Green Investment Bank publishes market report on Anaerobic Digestion

10 Jun 2013



The AD report was subsequently updated and the latest version can be found here.

The UK Green Investment Bank (GIB) has today published its first market report on anaerobic digestion (AD). The report, the first of its kind, gives an overview of the issues facing the market and identifies the opportunities, and barriers, for investment.

AD, a natural process in which micro-organisms break down organic matter into biogas and digestate, is used to manage waste and release energy.

AD avoids food and agricultural waste going to landfill in addition to being a renewable source of energy and fertiliser. It is at the heart of the Government's waste policies.

The findings of the report will be used to inform GIB's strategy on the potential for debt investment in the AD sector as well as being a useful resource for the industry and investment community. GIB is actively investigating the opportunity to directly participate in up to £50m of debt financing for AD projects. GIB will continue to make equity investments in AD through its nominated waste fund managers, Foresight and Greensphere, both of whom have already made investments in the AD sector.

Government research has indicated that AD could deliver between 3 and 5 TWh of electricity by 2020. However, the industry has expressed concerns about its ability to access funding, in particular senior debt finance. GIB expects AD to be an area of significant focus for it.

The key findings of the report are:

  • Growing opportunity: There was 106MWe of capacity installed or in construction by FY 2012, more than double that of FY 2010. An additional 148MWe of specific capacity has been identified as potentially available to be developed;
  • Fragmented and young market:  The top five operators account for less than 28% of the market, which compares to 71% in the offshore wind sector.  The majority of AD facilities in the UK have been in operation for less than three years. This presents a funding challenge for the sector, as it lacks an established and informed investor community.
  • Wide ranging performance factors: There is a marked divergence in operational performance between different facilities;
  • Critical factors to project success: The main barriers to growth in the sector are a) Feedstock selectivity; b) Deep understanding of, and access to local markets for digestate; c) Dedicated operating personnel; d) Active process management;
  • Finance: The identified development pipeline requires capital investment of approximately £650 million. Although the AD market has indicated that it is in need of debt funding, equity may be more appropriate in many cases due to the youth of the market.
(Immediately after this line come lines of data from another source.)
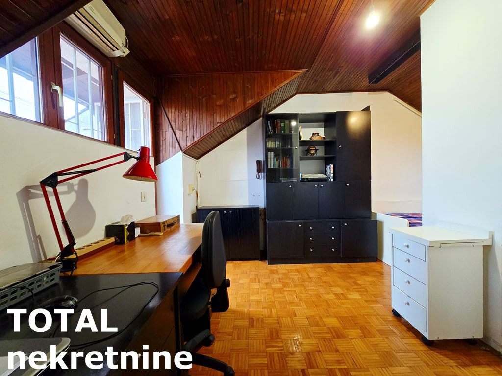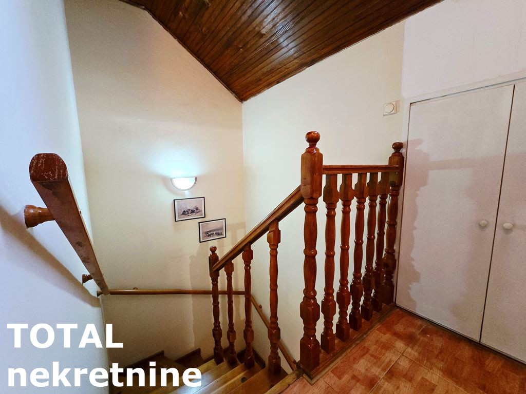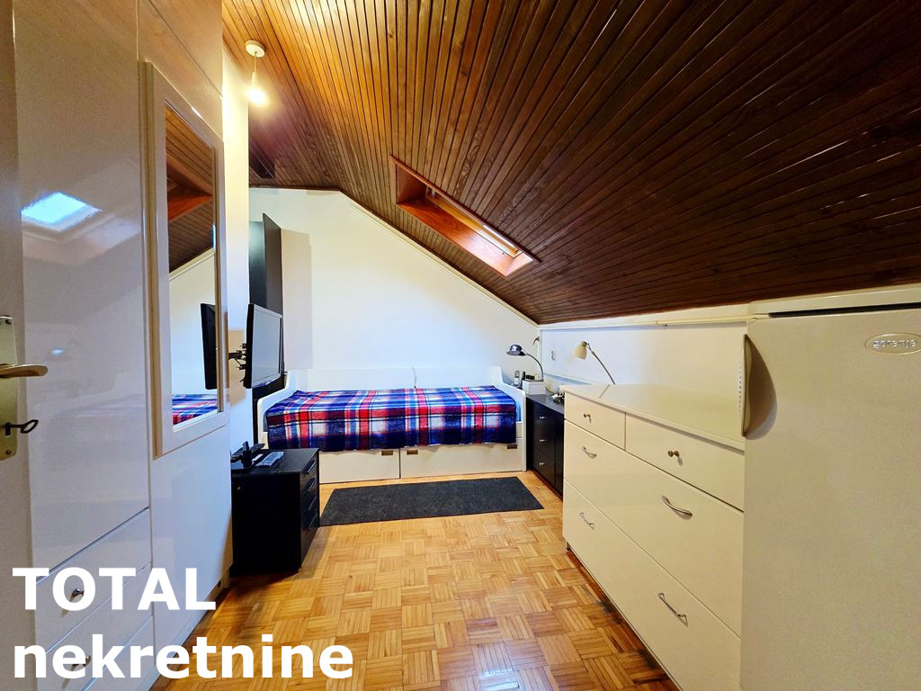Na gornjem nivou stana 48,97m2 dostupnog kružnim stepenicama od punog drveta, postoji mogućnost korišćenja prostora kao jedna ili dve sobe, uz klasično kupatilo i tavanski prostor. Posebnu prednost čini velika otvorena terasa 17,11m2 okrenuta prema unutrašnjem prostoru kvarta, uz mir, tišini i potpunu privatnost ovog prostora.
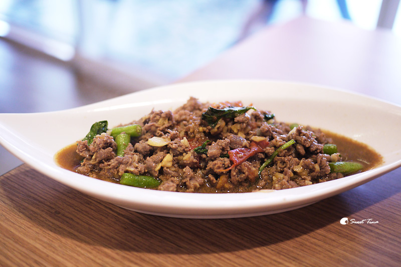 * 白飯$20、泰式冰奶茶$40、涼拌海鮮$150、蝦醬空心菜$90、泰式椒麻雞$120、打拋牛$150、綠咖哩椰香雞$140、香酥檸檬魚(鱈魚)$280
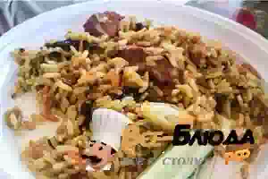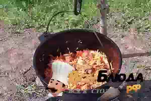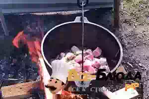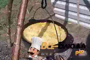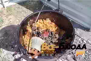 1. 1 кг риса замачиваю на 1 час 1 литром воды, в которой растворена 1 чайная ложка соли, затем воду сливаю. На временной треноге, на цепи, разместили казанок. Сначала прокаливаем казанок на огне и заливаем 0,7-1 см растительного масла на дно казанка. Прокаливаем масло и добавляем мясо.
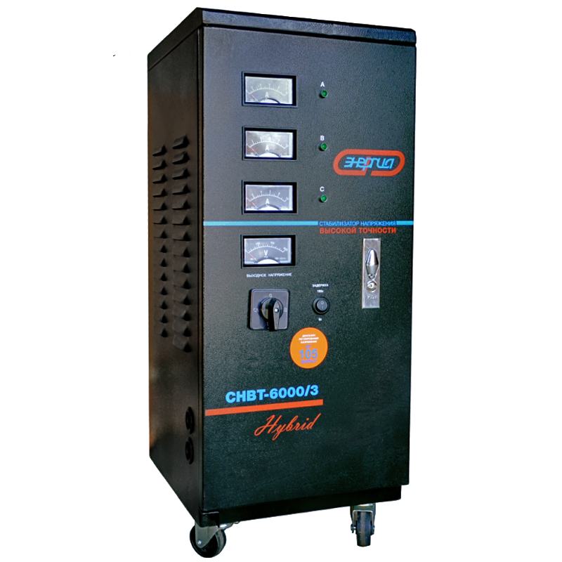 Компания Энергия выпускает трёхфазный стабилизатор напряжения 6000/3 серии HYBRID для защиты оборудования мощностью до 6000 ВА от некачественного напряжения. Трёхфазный аппарат состоит из трёх однофазных стабилизаторов мощностью 2000 ВА каждый, суммарная трёхфазная мощность равна 6000 ВА. Серия HYBRID совмещает два типа стабилизации: электромеханическую и электронную, что позволяет работать с очень низким напряжением (105 Вольт) или с очень высоким (280 Вольт).
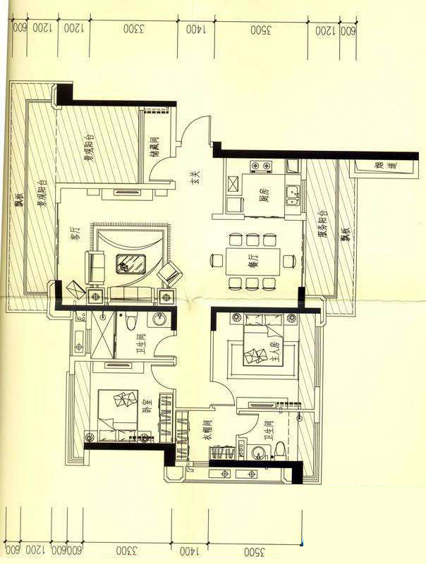 依云天匯B01戶型 3室面積155.00平米
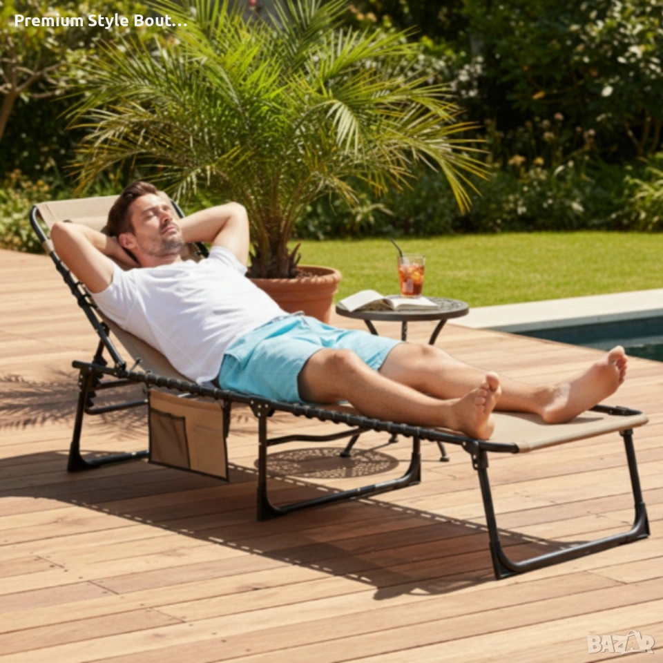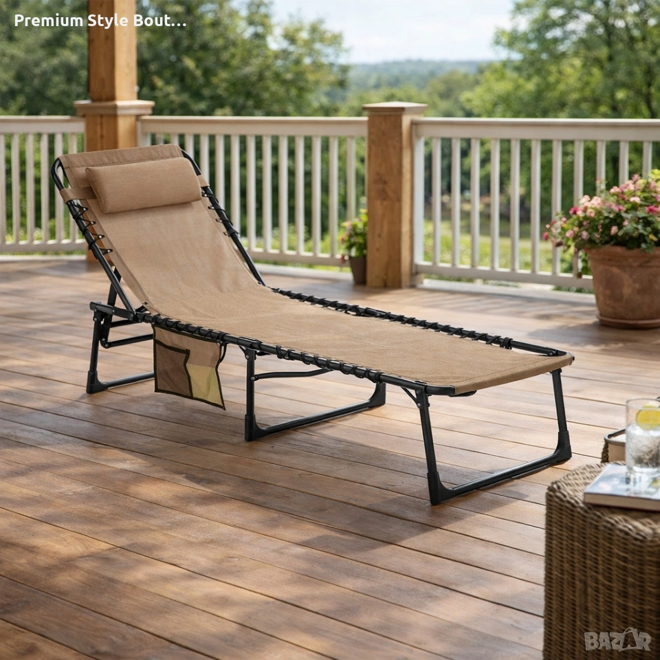 Сгъваем градински шезлонг - легло с джоб - пълен релакс и комфорт
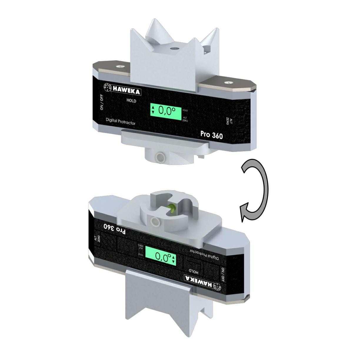 Elektroniczny pochyłomierz HAWEKA to specjalistyczny przyrząd do pomiaru wartości kątów elementów zawieszenia w pojazdach marki Mercedes-Benz w celu dokładnego ustawienia geometrii kół pojazdu. Zaprojektowany został w sposób umożliwiający niezwykle uniwersalne wykorzystanie: można go przesiwać na boki, obracać o 180 ° i ustawiać na różne sposoby z wykorzystaniem specjalnych adapterów dla poszczególnych modeli Mercedes-Benz.
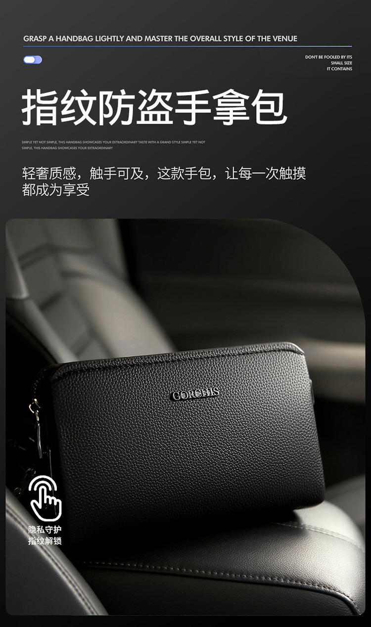 새로운 남성용 클러치 지문 잠금 장치 도난 방지 대용량 클러치 지갑 지갑 비즈니스 고급 남성용 가방

Adrian Judge, Managing Director for Waste and Bioenergy said:

AD is rightly at the heart of the Government's waste policies, and GIB's waste investment strategy. It provides a green and efficient way of managing waste, whilst providing both energy and fertiliser. For organic waste, AD is a cost-effective and sustainable waste management option. Although the UK market is still young and there are challenges for projects in delivering a consistent revenue stream, well operated AD facilities have the potential to achieve attractive commercial rates of return to both equity and debt providers.

Notes to editors

  1. AD is a natural process in which micro-organisms break down organic matter or biowaste (such as food waste, slurry, crop residues, etc.), in the absence of oxygen, into biogas (a mixture of carbon dioxide (Co2) and methane) and digestate. AD is used for industrial or domestic purposes to manage waste and/or to release energy. The biogas can be used in a number of ways: directly in engines for Combined Heat and Power (CHP); burned to produce heat; or can be cleaned to become bio-methane and used in the same way as natural gas or as a vehicle fuel. The digestate, which is made from the left over indigestible material and dead micro-organisms, contains valuable plant nutrients like nitrogen and potassium, and can be used as a renewable fertiliser or soil conditioner.
  2. The UK Green Investment Bank was launched in November 2012.  With £3 billion of funding from the UK Government, it is the first bank of its kind in the world.  It is a "for profit" bank, whose mission is to accelerate the UK's transition to a greener economy, and to create an enduring institution, operating independently of Government.
  3. In the smaller scale (less than £30 million) merchant project segment, GIB's strategy is to go to market indirectly through specialist fund managers'.  GIB has allocated capital to them to deploy on its behalf, alongside matching capital which they raise from external sources. These fund managers are Foresight Group and Greensphere Capital, who were chosen in April 2012 after an open competition run by GIB's precursor team.
  4. The report has been produced in partnership with SLR Consulting, a leading international environmental consultancy firm.